Term life insurance runs for a fixed period for example 10 or 25 years. This term could be designed to cover the time that you are responsible for children or mortgage payments.

Once the term ends the policy will cease.

n.b. there is no lump sum payment if the policy-holder outlives the policy term.

Whole-of- life

A whole-of-life policy will pay out no matter when you die, as long as premiums are paid during the term. Many whole-of-life policies pay a lump sum when a policy-holder reaches 96.

Decreasing team 

Decreasing term life insurance is a type of fixed-term policy aimed at people whose financial commitments reduce over-time – for example, if you’re repaying a mortgage. Because the payout reduces over time, this type of life insurance is generally cheaper than term insurance.

How much does life insurance cost?

This is dependent on your age, lifestyle, any pre-existing health conditions, and if you smoke or not.

Your premiums will also depend on how much cover you decide is required and the length of the term.

One of the best ways to save money longer-term is by taking out a policy at a younger age, the longer you wait to take out cover, the more expensive premiums will become.

You may be in a position where you do not yet have dependents, but in the future that might change. It is often cheaper to purchase life insurance at a younger age when premiums are lower. Life insurance premiums rise exponentially as you get older.

You might already have life insurance

Some employers provide life insurance known as ‘death in service’ benefits.

Make sure you read your employment contract carefully so you know your entitlement. 
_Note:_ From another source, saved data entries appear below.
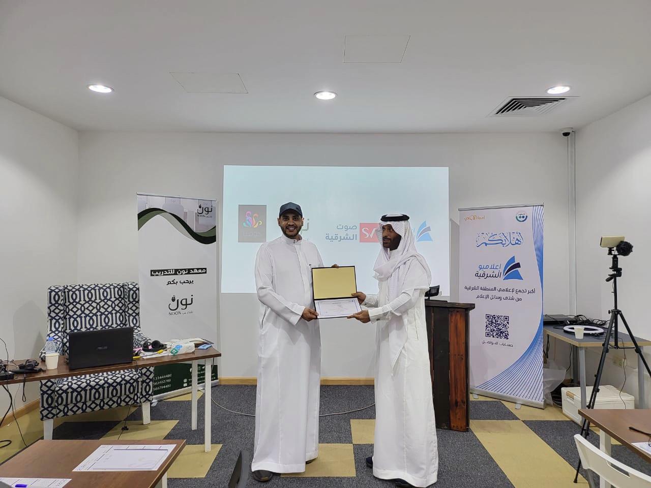يشار إلى أن حفل الختام حضره، الرئيس التنفيذي لمعهد نون الأستاذ نايف الصالح، ورئيس إعلاميو الشرقية الأستاذ فهد الحشام، حيث تم تكريم المدرب في ختام الدورة.
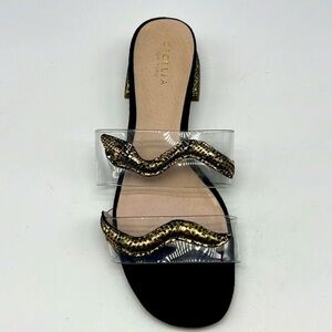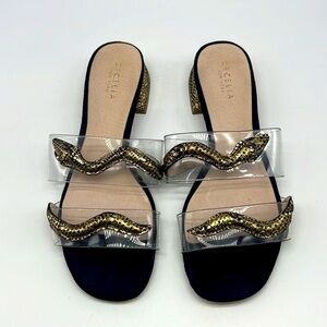 CECELIA - Danica Gold And Black Crystal Eyed Snake Slip On Sandals Size 7
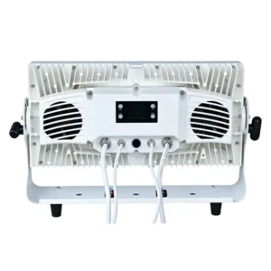 A: The fixture features 44 high-power RGBW LEDs (15W each) with independent control. For white light applications, the 6500K-7500K cool white temperature range delivers crisp, consistent illumination. The 0-100% linear dimming ensures smooth fades without color shift.
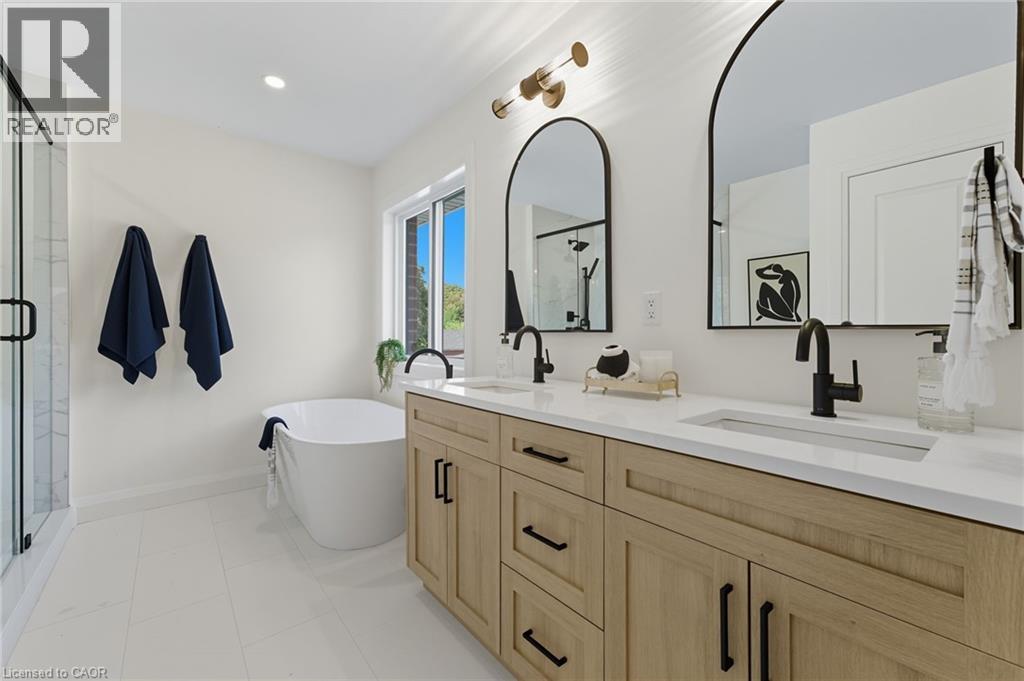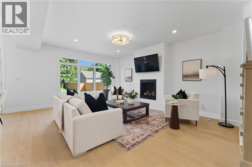 Welcome to 30 Manley Street—a show-stopping luxury residence in the heart of the sought-after village of Ayr, where timeless small-town charm meets modern elegance. This exceptional home offers over 3,600 sq. ft. of finished living space on a private, pool-sized lot on a quiet dead end street—just steps from parks, trails, schools, and everyday amenities. Inside, you’ll find 4+1 bedrooms, 3.5 baths, and upscale finishes throughout, including hardwood floors, quartz counters, and custom cabinetry. The chef’s kitchen is designed to impress with stainless steel appliances, a gas range, double oven, 9-ft island, coffee/wine bar, walk-in pantry, and abundant storage. The open-concept main floor also features a spacious living room with gas fireplace, a versatile bedroom/office, a stylish powder room, and an oversized mudroom with side entry. Upstairs, the custom white oak staircase leads to 3 generous bedrooms, each with its own walk-in closet. The luxurious primary suite showcases a spa-inspired 5-piece ensuite, while a convenient upper-level laundry room and main bath completes the space. The fully finished lower level is perfect for entertaining, offering a large recreation area, a full bathroom, and an additional bedroom. Outdoors, enjoy a large detached 21 x 21 garage, parking for 8 vehicles, and a family-sized yard—ready to bring your backyard dreams to life. Experience the warmth of Ayr’s vibrant community and the convenience of being just minutes from the 401. This home truly has it all—space, style, and location. Call your realtor today as this one won't last long. (id:64974)
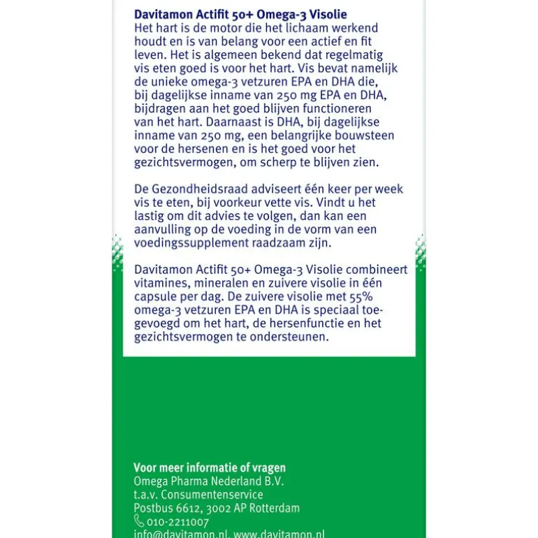 Davitamon Actifit 50+ Omega-3 Visolie is speciaal ontwikkeld voor volwassenen vanaf 50 jaar en voorziet in de dagelijkse aanvulling van vitamines en mineralen. Hierdoor is Davitamon Actifit 50+ Omega-3:
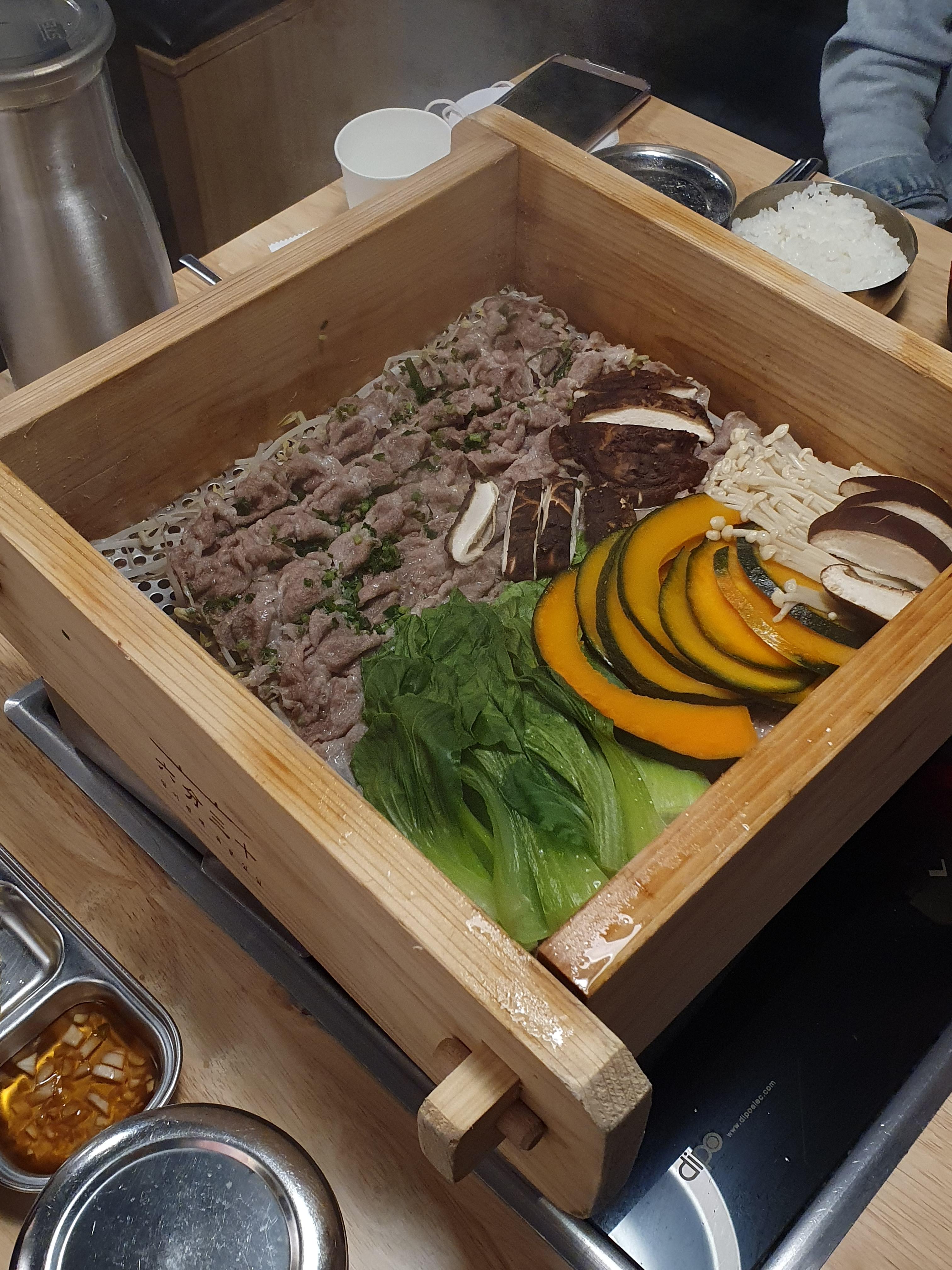 기름 쫙 빠진 담백한 고기와 야채를 소스에 콕 찍어 먹으면 완전 맛있다.
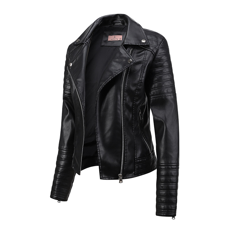 Women’s leather jacket Women’s temperament Slim fit Women’s coat PU leather jacket(Black Color)
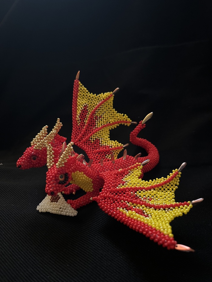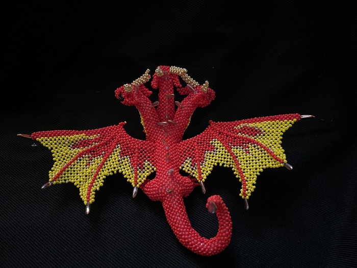 Материалы: фигурка сделана из чешского бисера, стеклянные глазки, на гребне и крыльях - шипы бусины, внутри наполнитель. В крыльях и в хвосте вставлена проволока для подвижности.
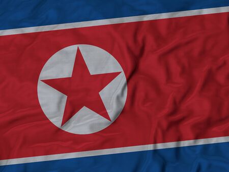 Closeup of ruffled North Korea flag, Ruffled flag background.
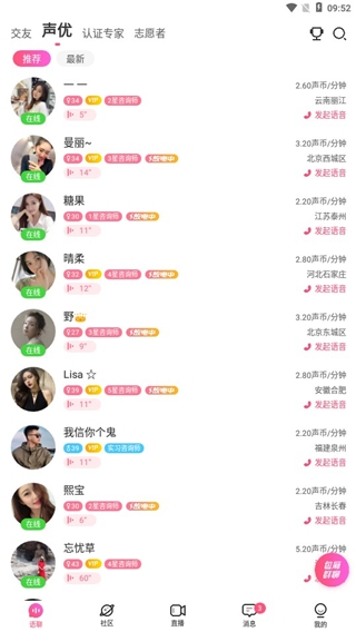5、点击进入语聊,这里很多优质的声优主播,大家可以用声音进行交友。

It is important to remember that even if your employer does cover you, you might still want to take out further life insurance. When you leave the company you death benefits will stop, you may be unemployed for a while, leaving you and your family exposed and/or your next employer may not offer you the same benefits. At which point taking out cover may be exponentially higher, so it is normally a good idea to take out extra cover at an earlier stage.

You should also look carefully to see if your ‘death in service’ benefit is sufficient to meet your family’s needs.

Additional types of insurance

Life insurance covers you and your dependents in the event of your death. However, death is not the only thing which can stop people being able to provide for their dependents.

TPD – Total Permanent Disability cover pays out a lump sum in the event of the policy-holder becoming permanently disabled*.

Critical illness – Critical illness cover pays out a lump-sum in the event of the policy-holder being diagnosed with a critical illness*.